Part of the problem was the influenza vaccine. There are free influenza vaccines for adults over 65 which is a good public health idea but is just another program to execute. Adults need cards and we need to take thier names and make sure no one is allergic to eggs. We administered over 30 vaccines today, me filling the syrenges and forms and an aid doing the acutal shot. It was really wonderful, actually. Probably 10 or 12 very old indegenous women came in to get shots. They were freinds so they all decided to take the time to come in together. One lady, the most sentient, told each woman where to go, took and stored her card, helped her roll up her sleeve, reminded her to breathe. It was very caring. I refused one woman, though, which might not have been the right thing to do. I think she had dementia or brain damage or soemthing, because she didn't know her name and wouldn't respond to anyone. I felt like vaccinating her would be without her consent, and the Leci was too busy to argue.
Around 1 we took a break for lunch. The doctor, a woman visiting her from Canada (another doctor and a future friend), the Leci and myself crammed into this woman's tiny house which is on the clinic property. For 1.25, she fed us potatoes, rice, spicy hotdogs, soup, juice and heavens be! salad! We snarfed down our food and returned to work.

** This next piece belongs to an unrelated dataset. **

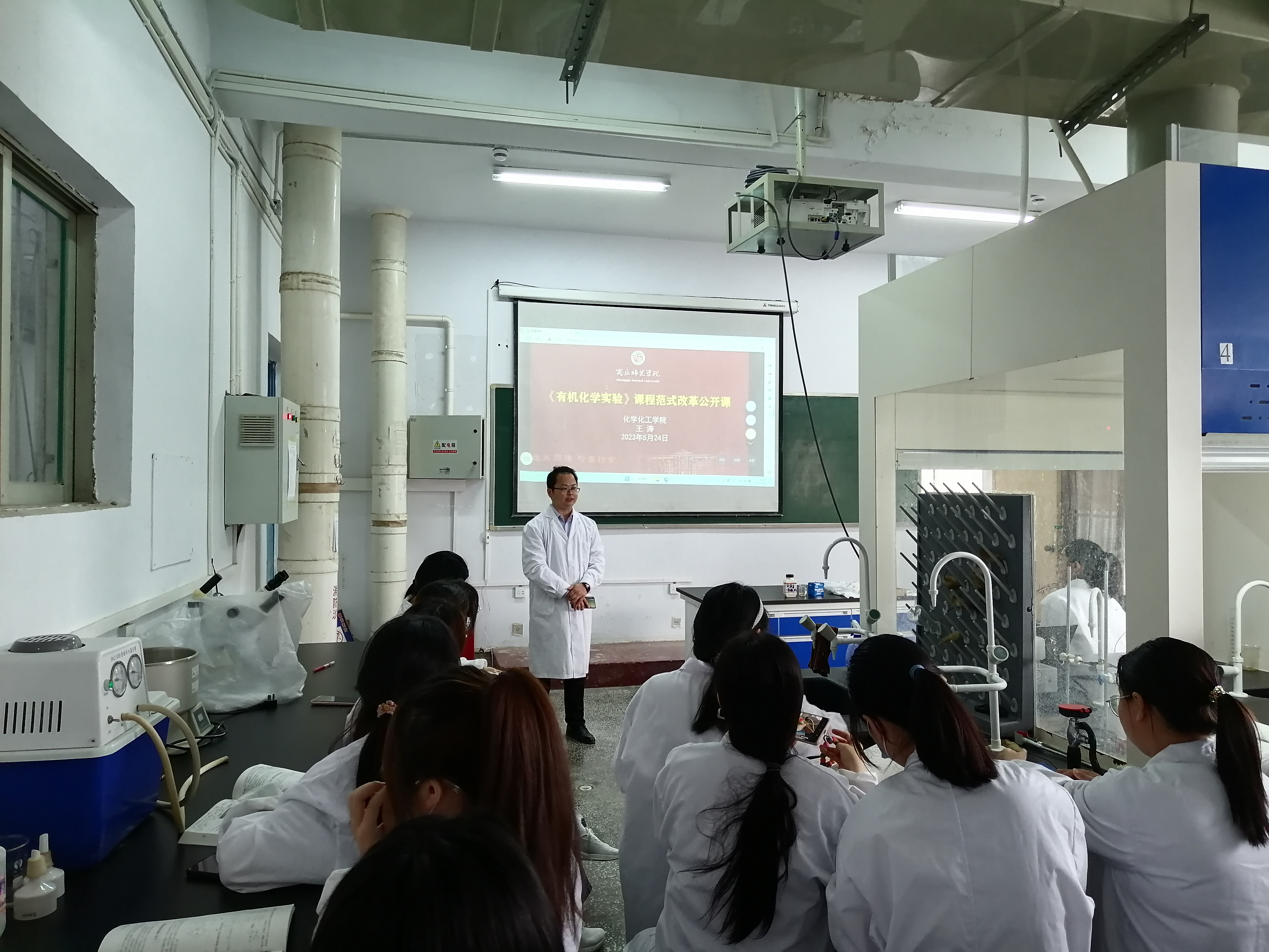 5月24日周三下午第5节课,麻豆精品㊙️国产传媒AV王涛老师负责的《有机化学实验》课程教学范式改革公开课在睢阳校区化学实验楼407实验室举行,制药工程系副主任张明亮、学院督导团成员臧运波以及近三年新入职青年教师观摩了此次公开课。

There were more emergencies today that I remember. The first was a woman who had run her finger up in an industrial sewing machine about a week ago. Today, the finger was very swollen, infected, and covered in necrotic tissue. Gross! Cool!
The second emergency was far more scary. A man, tall and pale, brought in a woman, short and dark from the flower plantation where they both work. She was swathed in cotton and rubber, booth with holes, her hand clenching her thick rubber gloved fingers. Twitching constantly, her blood pressure was low, her right side was almost paralyzed and insenstive to pain. When we got her on the table, she had a seizure. She couldn't move her eyes past the midline, her right arm was stricken with cramps that made her cry.

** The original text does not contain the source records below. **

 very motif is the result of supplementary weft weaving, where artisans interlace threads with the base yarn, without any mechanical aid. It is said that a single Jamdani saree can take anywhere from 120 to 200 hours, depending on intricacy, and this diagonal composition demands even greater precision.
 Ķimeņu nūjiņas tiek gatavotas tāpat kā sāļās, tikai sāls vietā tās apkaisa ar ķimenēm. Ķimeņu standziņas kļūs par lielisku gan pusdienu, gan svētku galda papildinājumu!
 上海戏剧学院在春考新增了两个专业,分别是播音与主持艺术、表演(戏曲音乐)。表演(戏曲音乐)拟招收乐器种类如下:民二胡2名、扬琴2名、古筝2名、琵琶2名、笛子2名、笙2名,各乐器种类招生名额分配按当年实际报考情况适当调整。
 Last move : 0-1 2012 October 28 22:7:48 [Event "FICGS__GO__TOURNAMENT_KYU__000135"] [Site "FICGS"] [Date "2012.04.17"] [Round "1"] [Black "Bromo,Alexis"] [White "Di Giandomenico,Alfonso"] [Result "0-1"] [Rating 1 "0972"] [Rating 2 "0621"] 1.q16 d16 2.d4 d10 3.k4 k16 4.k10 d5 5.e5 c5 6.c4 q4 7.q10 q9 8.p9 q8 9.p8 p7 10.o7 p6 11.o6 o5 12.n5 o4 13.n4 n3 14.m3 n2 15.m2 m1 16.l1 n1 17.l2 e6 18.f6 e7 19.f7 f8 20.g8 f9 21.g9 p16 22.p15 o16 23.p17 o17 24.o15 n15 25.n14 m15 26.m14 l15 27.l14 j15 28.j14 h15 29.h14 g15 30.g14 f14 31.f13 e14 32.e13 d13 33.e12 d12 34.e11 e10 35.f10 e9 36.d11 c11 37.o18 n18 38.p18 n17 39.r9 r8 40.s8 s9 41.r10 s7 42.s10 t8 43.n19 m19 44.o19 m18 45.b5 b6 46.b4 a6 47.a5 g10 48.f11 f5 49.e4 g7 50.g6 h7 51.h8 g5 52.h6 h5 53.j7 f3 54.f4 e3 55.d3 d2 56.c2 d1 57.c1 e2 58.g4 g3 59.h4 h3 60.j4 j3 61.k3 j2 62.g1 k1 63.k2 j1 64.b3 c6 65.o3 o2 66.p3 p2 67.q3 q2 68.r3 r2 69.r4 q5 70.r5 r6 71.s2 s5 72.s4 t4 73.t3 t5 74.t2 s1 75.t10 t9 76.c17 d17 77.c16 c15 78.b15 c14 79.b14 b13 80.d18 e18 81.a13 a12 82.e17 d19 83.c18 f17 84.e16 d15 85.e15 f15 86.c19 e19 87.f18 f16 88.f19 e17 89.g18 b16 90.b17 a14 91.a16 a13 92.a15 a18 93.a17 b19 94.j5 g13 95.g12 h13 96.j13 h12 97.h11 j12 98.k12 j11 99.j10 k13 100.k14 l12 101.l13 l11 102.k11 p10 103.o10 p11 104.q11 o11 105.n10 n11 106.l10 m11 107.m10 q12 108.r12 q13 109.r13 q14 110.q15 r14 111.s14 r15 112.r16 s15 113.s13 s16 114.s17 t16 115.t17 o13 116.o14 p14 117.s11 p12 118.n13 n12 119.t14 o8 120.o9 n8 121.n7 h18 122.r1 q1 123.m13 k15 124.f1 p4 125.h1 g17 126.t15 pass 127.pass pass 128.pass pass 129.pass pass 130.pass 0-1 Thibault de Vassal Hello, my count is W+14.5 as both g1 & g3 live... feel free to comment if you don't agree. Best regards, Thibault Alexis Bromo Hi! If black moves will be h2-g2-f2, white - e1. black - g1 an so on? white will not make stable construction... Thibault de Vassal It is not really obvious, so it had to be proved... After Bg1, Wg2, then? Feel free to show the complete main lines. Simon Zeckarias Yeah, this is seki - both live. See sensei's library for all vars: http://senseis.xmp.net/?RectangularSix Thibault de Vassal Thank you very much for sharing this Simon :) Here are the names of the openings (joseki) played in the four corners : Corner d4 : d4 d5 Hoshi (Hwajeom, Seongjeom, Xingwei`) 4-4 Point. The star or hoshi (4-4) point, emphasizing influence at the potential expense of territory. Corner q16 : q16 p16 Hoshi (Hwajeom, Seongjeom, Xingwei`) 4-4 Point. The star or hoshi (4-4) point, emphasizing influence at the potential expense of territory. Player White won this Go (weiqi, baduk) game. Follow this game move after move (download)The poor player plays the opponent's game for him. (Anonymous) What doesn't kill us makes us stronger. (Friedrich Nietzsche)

I don't know much about medicine, but when I smell the pesticides coming off someone as the enter the room, I'm inclined to believe that the cause of this problem might not be one hundred percent genetic. It's good she came in, good that she was wearing long sleeves and gloves and boots, but that much chemical exposure cannot be good.
The SubCentro hasn't a single anti-convulsion drug in its pharmacy, so as soon as the doctora had checked her out as best she could, after a few rounds of arm pain-attacks, her friend and I lifted her up to put her in his car to take her to the hospital in Yaruqui. I don't know what happened to her. I hope she is ok.
After that, I was a little overwhelmed, so I sat on the playground in the yard of the clinic and helped one of the little girls that lives in that tiny house with her English homework. She was learning the differnce between "a" and "an" and "the." Have you ever thought about how hard "the" would be to say? we have so many way of saying it, "da" "thee" "thuh." She got it wrong almost all the time, but she does know a bunch of words, probably more than I could read in Spanish when I was 8. she also has a barbie doll named Cynthia who is "ocho, igual que yo! Ella es mi amiga por siempre!"
At four, I cleaned up my things and walked to the bus stop. An old woman who I had seen earlier at the clinic and I sat on the steps where the bus stops, eating ice cream silently. I feel like that might become a routine.